Before agreeing to a “casual lunch”, with what you’ve always considered to be a good friend, you must take into account whose wallet is going to be getting just a bit thinner after dessert.

Ipso facto: if it’s you, you better intercept that dessert menu before it makes its way to the grubby hands of who has now obviously become nothing more than a greedy frenemy. I mean, how good of a friend was she really? She was certainly not worthy of that New York Cheesecake.

So, to avoid what will definitely shove either of you into the early stages of bankruptcy you will enter into a death stare battle royale as the server lays the check down neatly in the exact center of the table. Although alternatively, you can just quick-step to the bathroom as the impending bill inches nearer and nearer, but that can be a bit obvious and there really is no guarantee you will find the check paid in full before you return.

However, if you are not at lunch with a complete ass, a friendly faux fight of sorts will follow the check’s arrival. You will grab the bill with a slight smirk and a wave of the hand and say, “I got this one” and your friend will undoubtedly snatch it from your all too willing hands saying, “No, no, no it’s on me!” At this point the black casing, in which the terrifying slip of paper sits, becomes the object through with you begin to play a half-hearted tug of war in an indescribably generous fashion (all the while each desperately hoping the other wins). It’s imperative to never pull too hard; because the moment it actually falls into your complete grasp you will inevitably slip into one of the lowest lows while smiling the brightest of smiles. Don’t worry you can cry on the way home. Okay, it’s not that bad, but it can be annoying.

Let me break it down for you:

Traditionally, he who invites: pays. At intimate, romantic dinners over candlelight (though that induces minor nausea to me) you better be flush with cash, my friend. Whether it is Mr. Chow’s in New York City or your friendly neighborhood Applebee’s, it doesn’t matter, if you picked up the phone, you’re picking up the tab. Additionally, if you expect to go on a first date and go halfsies, don’t hold your breath for a call back, because your face will turn blue and you’ll die of self asphyxiation. Also of note, perhaps even more so for the career-oriented type, one should always pick up the tab at business or professionally themed lunches, however boring the hopeful client may prove. Believe me; you’ll never gain a patron/special someone after asking them to pick up the check. Just ask Jon Gosselin’s numerous exes…considering he just sold his BMW to make some extra cash, I’m sure he wasn’t paying for those fame-grubbers pretty ladies’ dinners.

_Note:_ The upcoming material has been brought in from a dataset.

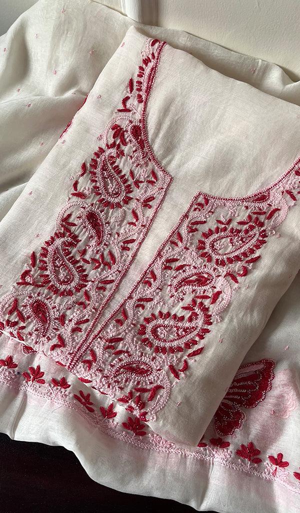 The thing about Lakhnavi Chikankari Suits is that most of them are one of a kind. Once a design is sold out, it’s almost impossible to find a replica or even a similar design anywhere in the market or online. This is what makes Chikankari suit fabrics unique just like this one. It’s made with the finest chikankari stitches by extremely skilled craftsmen of Lucknow. The advantage of buying an unstitched Chikankari suit fabric is that you can get it stitched and customized as per your personal style. Shop now and embrace the beauty of Nazrana’s heritage needlecraft, redefining sophistication with every product.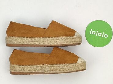 Espadryle damskie z ozdobnymi kamieniami – rozmiar 39 - Kolor: karmelowy/brązowy - Cholewka: zamszopodobny materiał - Ozdoby: duże, fasetowane kryształki w złotych oprawach, naszyte na szerokie, k...Damskie espadryle Balada

Therefore, in non-intimate/non-professional situations you should always “Go Dutch”. Not sure what that means? Well, I’ll tell you! “Going Dutch”, in short, refers to the practice of one paying for what one orders. I mean, in Italy they “pagare alla romana” or “pay like the people of Rome”, in Turkey they “hesabı Alman usulü ödemek” or “pay the bill the German way”, and in some South American countries people “pagar a la Americana” or literally “pay American style”. So, in reality, who the hell knows who we are paying like, but for the sake of us all, let’s just pay for ourselves. If you decide to order three courses and some over-priced drink, dear lord please have the money to back it up. I, myself, will be sticking to the half price menu and will happily refresh myself with some good old fashioned ice water, just saying.